> _THE DATA_
-.-.-

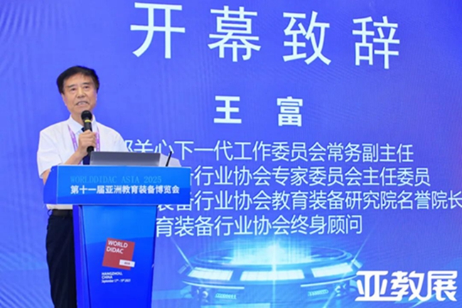 教育部關(guān)心下一代工作委員會(huì)常務(wù)副主任、中國(guó)教育裝備行業(yè)協(xié)會(huì)專家委員會(huì)主任王富應(yīng)邀出席會(huì)議并致辭。他對(duì)溫州教育裝備產(chǎn)業(yè)的發(fā)展成就以及《溫州市“人工智能+教育”三年行動(dòng)計(jì)劃》的發(fā)布予以充分肯定,并提出智能教育裝備應(yīng)推進(jìn)跨界融合、資源整合、行業(yè)聯(lián)合與專精結(jié)合,構(gòu)建“四橫五縱”的資源布局與AI賦能體系。其中,“四橫”涵蓋基礎(chǔ)教育、高等教育、職業(yè)教育和終身教育;“五縱”則對(duì)應(yīng)德育、智育、體育、美育和勞動(dòng)教育,體現(xiàn)“五育并舉”的育人理念。
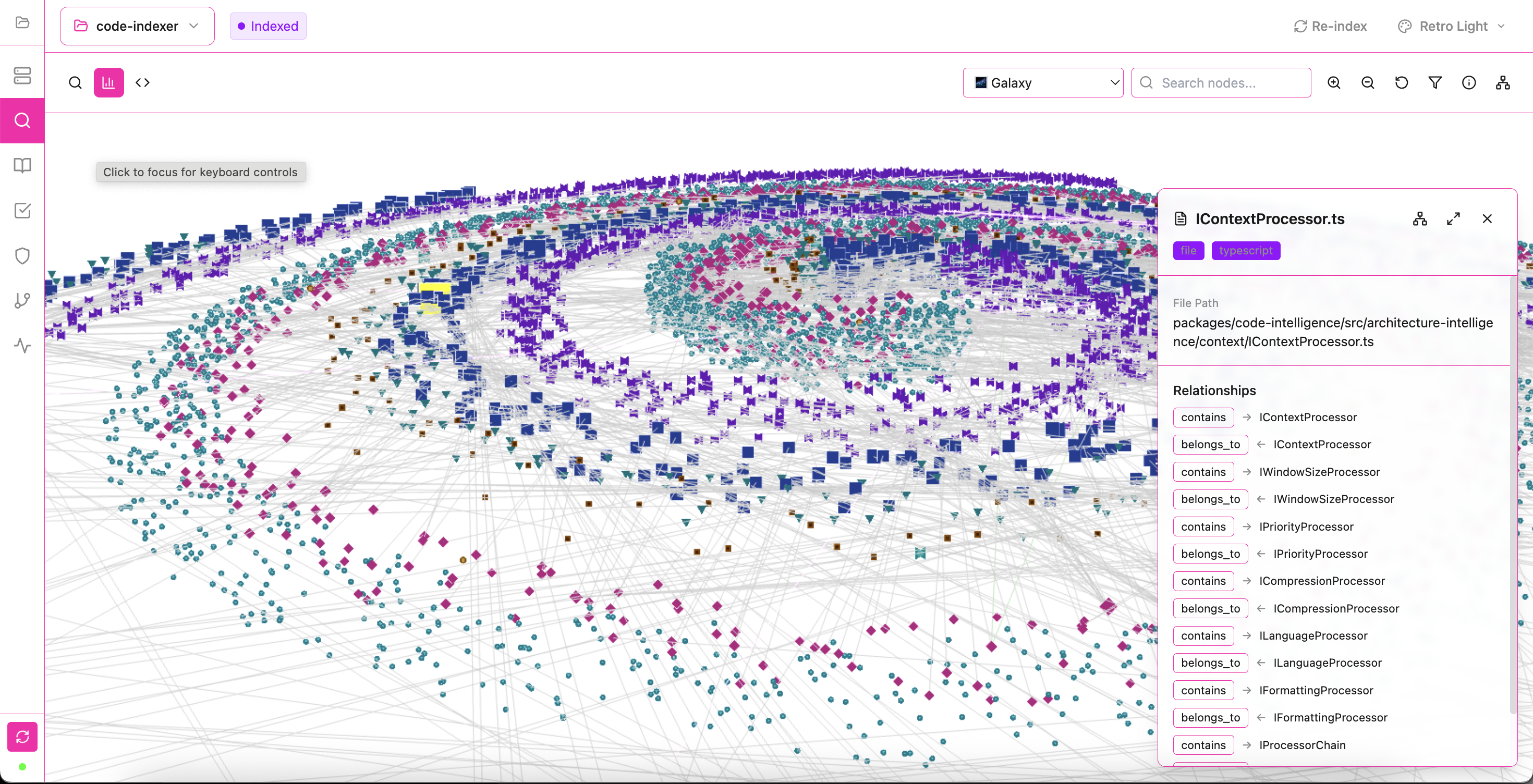 See code as interactive mind maps and 3D visualizations. Click components to explore relationships, docs, and context.
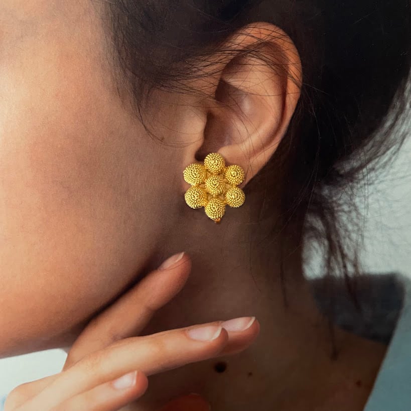 テクスチャーの入った立体的なグレインパーツが魅力のイヤリングです。
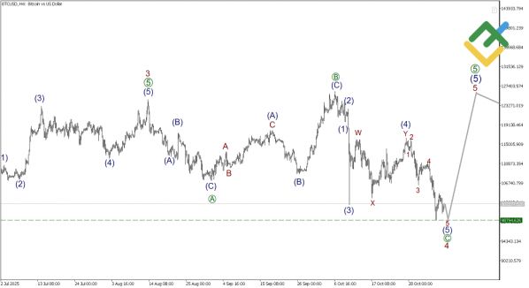 На графике BTCUSD формируется завершающая часть понижательной волны [C] в рамках коррекционной структуры волны 4. Эта структура напоминает волновую плоскость [A]-[B]-[C], где подволны [A] и [B] уже завершены.
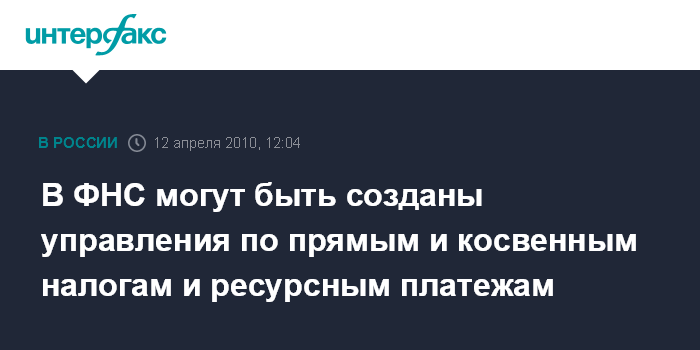 осква. 12 апреля. INTERFAX.RU - В структуре Федеральной налоговой службы (ФНС) РФ могут быть созданы специальные управления по прямым и косвенным налогам и по ресурсным платежам, сообщил журналистам глава службы Михаил Мишустин.
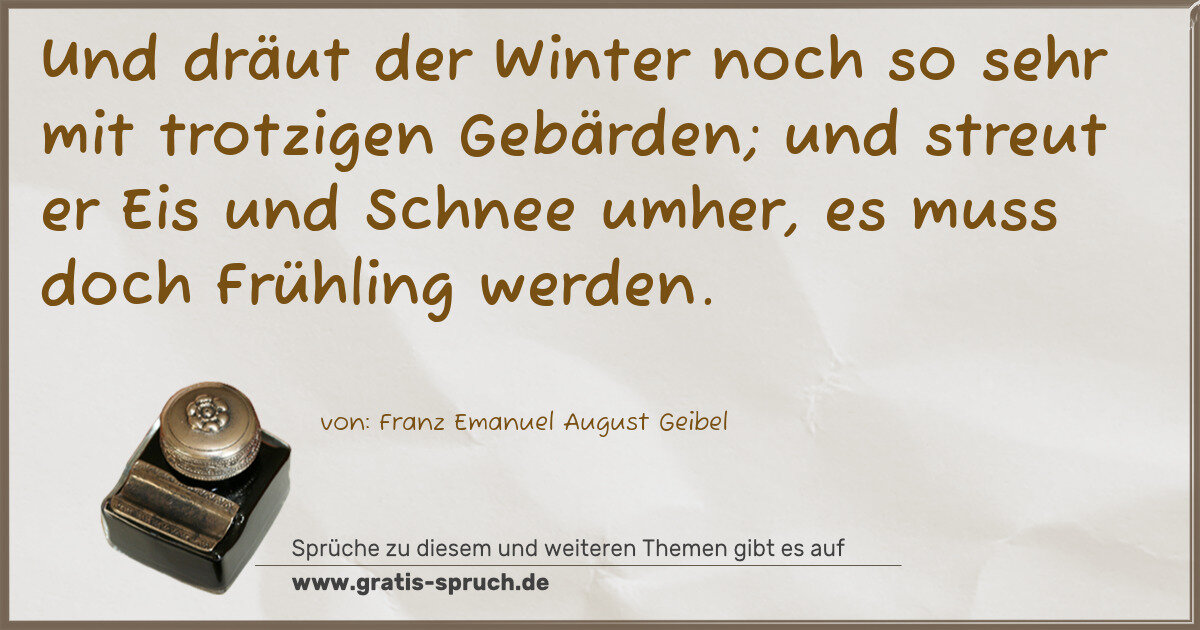 Und dräut der Winter noch so sehr mit trotzigen Gebärden; und streut er Eis und Schnee umher, es muss doch Frühling werden.
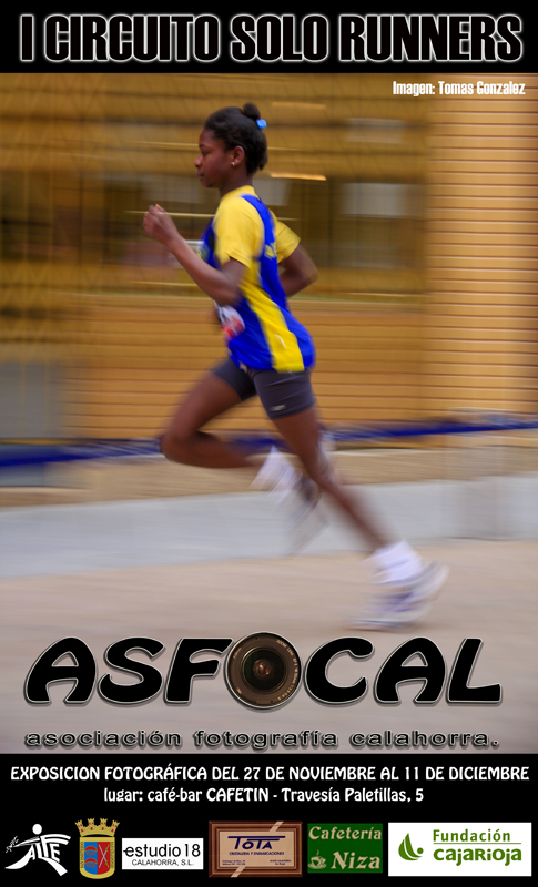 La organización del Circuito de carreras populares SOLO RUNNERS y la Asociación Fotográfica de Calahorra, ASFOCAL, han colaborado para llevar a cabo una exposición fotográfica sobre el I Circuito Solo Runners compuesto de cinco pruebas de fondo que se disputaron en las localidades de Aldeanueva de Ebro, Aguilar del Rio Alhama, Calahorra, Sartaguda y Quel. La exposición tendrá lugar en el café-bar Cafetín de Calahorra localizado en Travesía Paletillas nº5 y se podrá visitar del 27 de Noviembre al 11 de Diciembre de 2009 y contará con 20 imágenes que reflejan los trazados por donde discurren las distintas pruebasy la dureza de las mismas reflejada en los corredores.
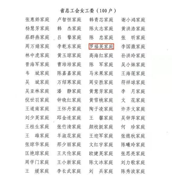明佳集團(tuán)吉陽區(qū)域環(huán)衛(wèi)四隊隊長羅福英家庭于2021年10月22日被海南省婦聯(lián)推選為2021年海南省“綠色家庭”示范戶。
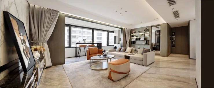 作为家庭的「情感枢纽」,约 5.6 米真横厅以 IMAX 级尺度重新定义社交主场:当阳光透过窗户铺满地面,这里既是先生宴请宾客的「私宴厅」,也是太太举办下午茶会的「茶艺厅」;孩子可以在宽敞地面搭建乐高城堡,老人能在临窗茶台摆弄文竹盆景。
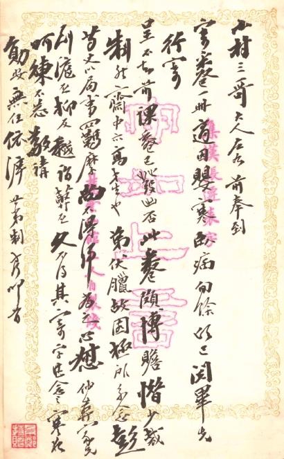 陶氏于光緒五年(1879)四月任湖南學政,其使用的“守如上言”花箋,應是當地文友陳守愚所贈。光緒六年(1880)六月,他因母喪守制卸任返鄉。札中有“弟伏臘故園極所系念。彭芍丈以局事羈縻,尚不得歸,為之心惄。”云云,意思是他很想回鄉,但湖南巡撫彭祖賢以“局事”(修通志局之事)相“羈縻,尚不得歸”。因此,這封信札是陶方琦在光緒六年六月卸任之前所寫,據札中“適因嬰寒,臥病旬余”“寒夜呵凍”等語,知此札系年當為光緒五年末到六年初之間。
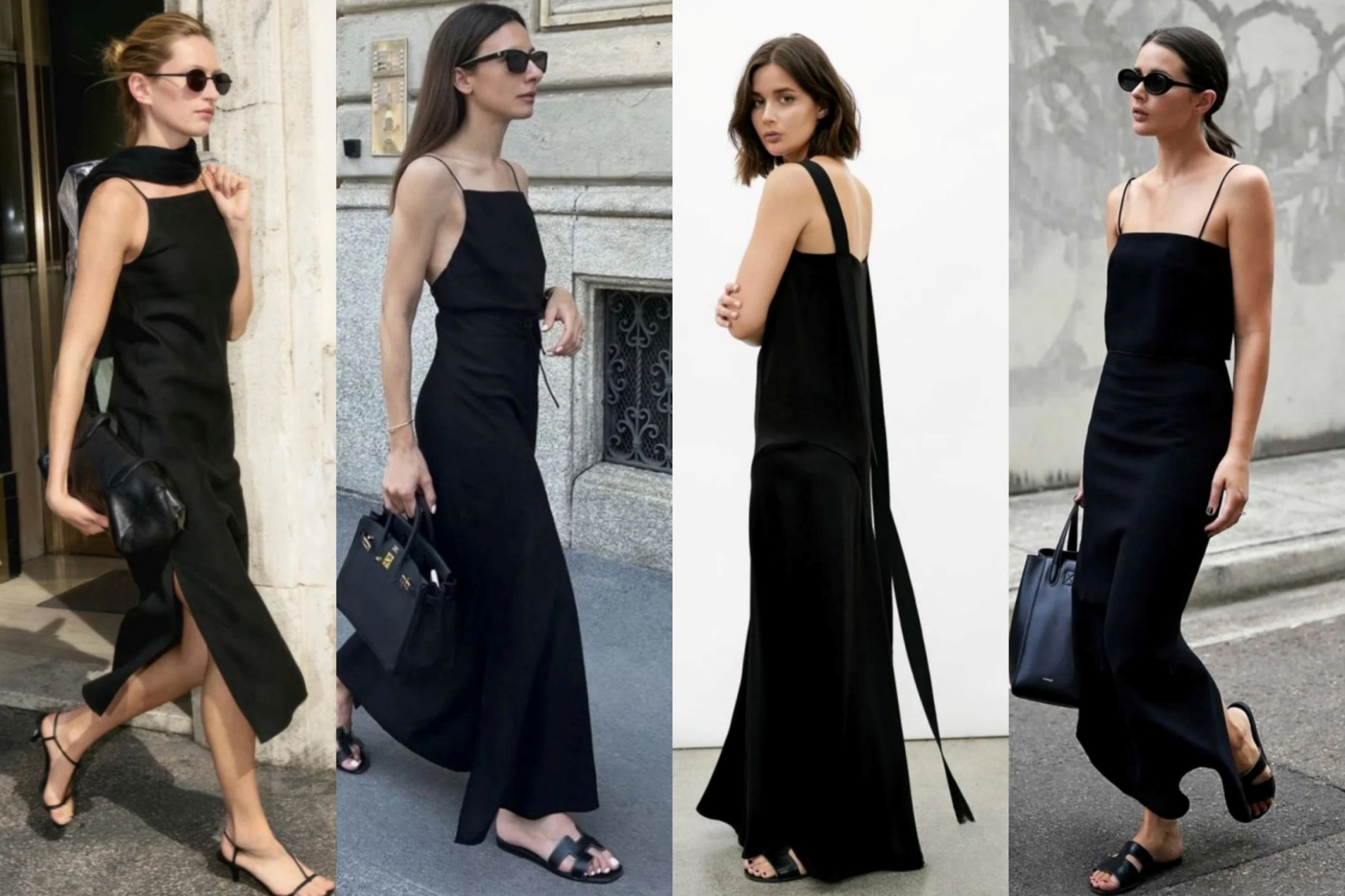 Để hoàn thiện diện mạo "Old Money" cùng chiếc đầm đen, phụ kiện đi kèm phải tuân thủ nguyên tắc tối giản (Minimalism). Một chiếc túi xách da thật không logo (Unbranded Structured Bag), đôi Sandal quai mảnh (Strappy Sandals) gót thấp và một chiếc kính râm đen cổ điển. Mọi chi tiết đều phục vụ một mục đích duy nhất: Tôn vinh vẻ đẹp tự nhiên, thanh lịch và thần thái tự tin của chủ nhân.
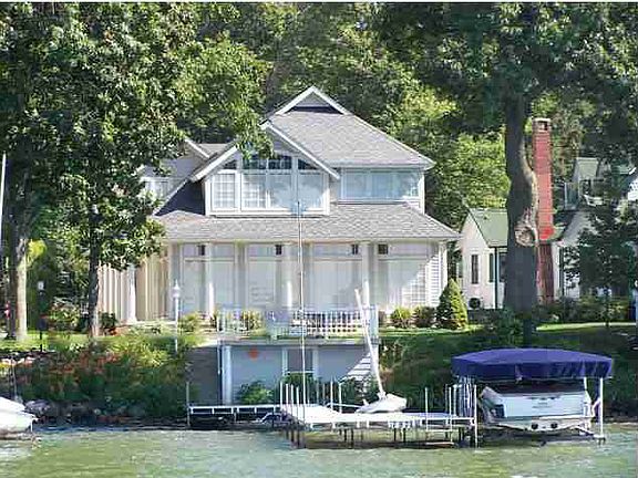 Rare Opportunity! Over 1/2 an acre at the lake! Contemporary Wawasee Lakefront home on Eli Lilly Rd! 50' Frontage. Enjoy gorgeous sunrises & sunsets! Built in 97', this beautiful home was made with entertaining in mind. Pella sliding glass doors surround the lakeside Great Room (includes Dining/Wetbar, Living Rm w/built-ins & Kitchen w/island). 4 bdrms, 3.5 baths, 2,775 sq ft, Main & Upper Level Suites, wrap around porch, detached garage w/guest room, lg. back lot, pier & more! Ceramic Tile
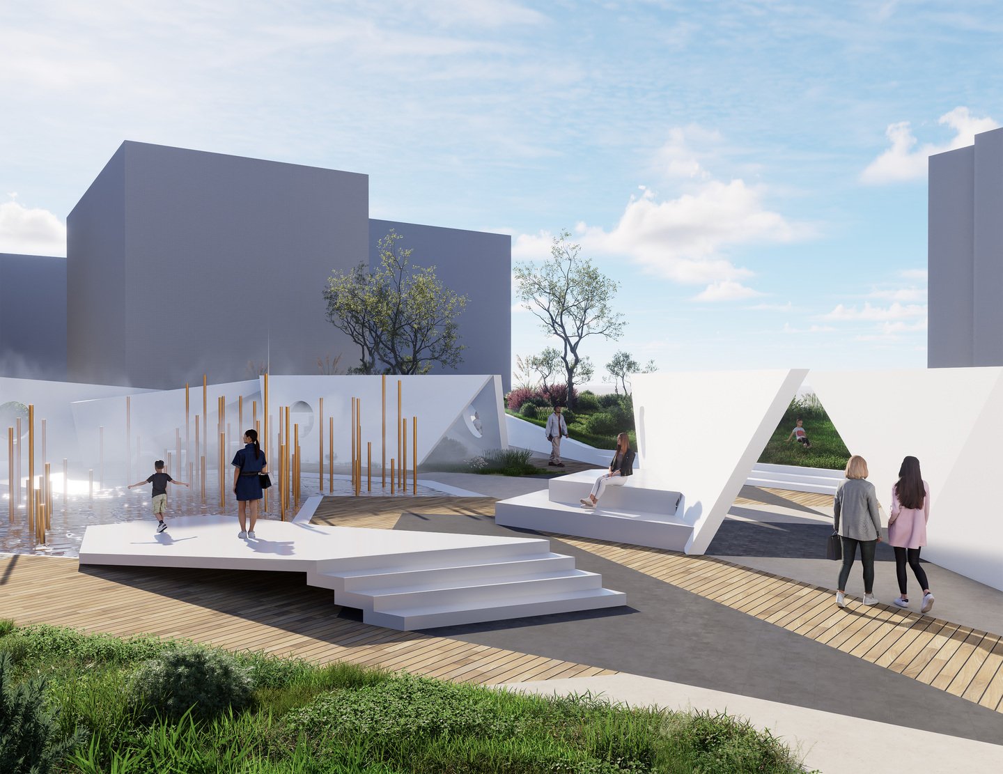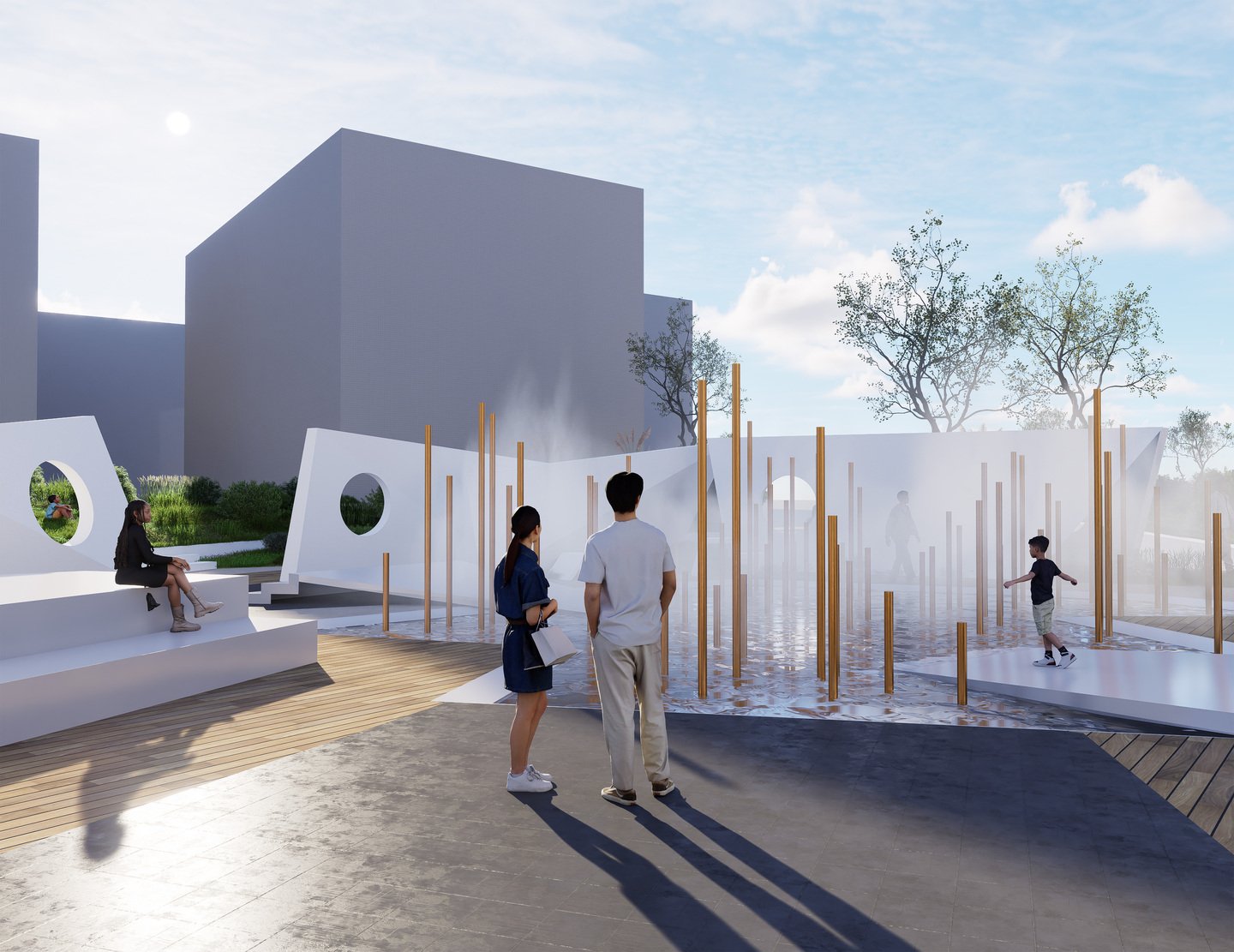 Паровая инсталляция в центре каждой зоны — символ отражения собственного «Я». Вода — зеркало сознания, облака пара — символ мыслей, идей, ответов.

-.-.-

> _PROBLEM DETAILS_
Transcribe the material exactly, keeping every word and none of the pictures.

> _TASK SOLUTION_
 教育部關(guān)心下一代工作委員會(huì)常務(wù)副主任、中國(guó)教育裝備行業(yè)協(xié)會(huì)專家委員會(huì)主任王富應(yīng)邀出席會(huì)議并致辭。他對(duì)溫州教育裝備產(chǎn)業(yè)的發(fā)展成就以及《溫州市“人工智能+教育”三年行動(dòng)計(jì)劃》的發(fā)布予以充分肯定,并提出智能教育裝備應(yīng)推進(jìn)跨界融合、資源整合、行業(yè)聯(lián)合與專精結(jié)合,構(gòu)建“四橫五縱”的資源布局與AI賦能體系。其中,“四橫”涵蓋基礎(chǔ)教育、高等教育、職業(yè)教育和終身教育;“五縱”則對(duì)應(yīng)德育、智育、體育、美育和勞動(dòng)教育,體現(xiàn)“五育并舉”的育人理念。
 See code as interactive mind maps and 3D visualizations. Click components to explore relationships, docs, and context.
 テクスチャーの入った立体的なグレインパーツが魅力のイヤリングです。
 На графике BTCUSD формируется завершающая часть понижательной волны [C] в рамках коррекционной структуры волны 4. Эта структура напоминает волновую плоскость [A]-[B]-[C], где подволны [A] и [B] уже завершены.
 осква. 12 апреля. INTERFAX.RU - В структуре Федеральной налоговой службы (ФНС) РФ могут быть созданы специальные управления по прямым и косвенным налогам и по ресурсным платежам, сообщил журналистам глава службы Михаил Мишустин.
 Und dräut der Winter noch so sehr mit trotzigen Gebärden; und streut er Eis und Schnee umher, es muss doch Frühling werden.
 La organización del Circuito de carreras populares SOLO RUNNERS y la Asociación Fotográfica de Calahorra, ASFOCAL, han colaborado para llevar a cabo una exposición fotográfica sobre el I Circuito Solo Runners compuesto de cinco pruebas de fondo que se disputaron en las localidades de Aldeanueva de Ebro, Aguilar del Rio Alhama, Calahorra, Sartaguda y Quel. La exposición tendrá lugar en el café-bar Cafetín de Calahorra localizado en Travesía Paletillas nº5 y se podrá visitar del 27 de Noviembre al 11 de Diciembre de 2009 y contará con 20 imágenes que reflejan los trazados por donde discurren las distintas pruebasy la dureza de las mismas reflejada en los corredores.
明佳集團(tuán)吉陽區(qū)域環(huán)衛(wèi)四隊隊長羅福英家庭于2021年10月22日被海南省婦聯(lián)推選為2021年海南省“綠色家庭”示范戶。
 作为家庭的「情感枢纽」,约 5.6 米真横厅以 IMAX 级尺度重新定义社交主场:当阳光透过窗户铺满地面,这里既是先生宴请宾客的「私宴厅」,也是太太举办下午茶会的「茶艺厅」;孩子可以在宽敞地面搭建乐高城堡,老人能在临窗茶台摆弄文竹盆景。
 陶氏于光緒五年(1879)四月任湖南學政,其使用的“守如上言”花箋,應是當地文友陳守愚所贈。光緒六年(1880)六月,他因母喪守制卸任返鄉。札中有“弟伏臘故園極所系念。彭芍丈以局事羈縻,尚不得歸,為之心惄。”云云,意思是他很想回鄉,但湖南巡撫彭祖賢以“局事”(修通志局之事)相“羈縻,尚不得歸”。因此,這封信札是陶方琦在光緒六年六月卸任之前所寫,據札中“適因嬰寒,臥病旬余”“寒夜呵凍”等語,知此札系年當為光緒五年末到六年初之間。
 Để hoàn thiện diện mạo "Old Money" cùng chiếc đầm đen, phụ kiện đi kèm phải tuân thủ nguyên tắc tối giản (Minimalism). Một chiếc túi xách da thật không logo (Unbranded Structured Bag), đôi Sandal quai mảnh (Strappy Sandals) gót thấp và một chiếc kính râm đen cổ điển. Mọi chi tiết đều phục vụ một mục đích duy nhất: Tôn vinh vẻ đẹp tự nhiên, thanh lịch và thần thái tự tin của chủ nhân.
 Rare Opportunity! Over 1/2 an acre at the lake! Contemporary Wawasee Lakefront home on Eli Lilly Rd! 50' Frontage. Enjoy gorgeous sunrises & sunsets! Built in 97', this beautiful home was made with entertaining in mind. Pella sliding glass doors surround the lakeside Great Room (includes Dining/Wetbar, Living Rm w/built-ins & Kitchen w/island). 4 bdrms, 3.5 baths, 2,775 sq ft, Main & Upper Level Suites, wrap around porch, detached garage w/guest room, lg. back lot, pier & more! Ceramic Tile
 Паровая инсталляция в центре каждой зоны — символ отражения собственного «Я». Вода — зеркало сознания, облака пара — символ мыслей, идей, ответов.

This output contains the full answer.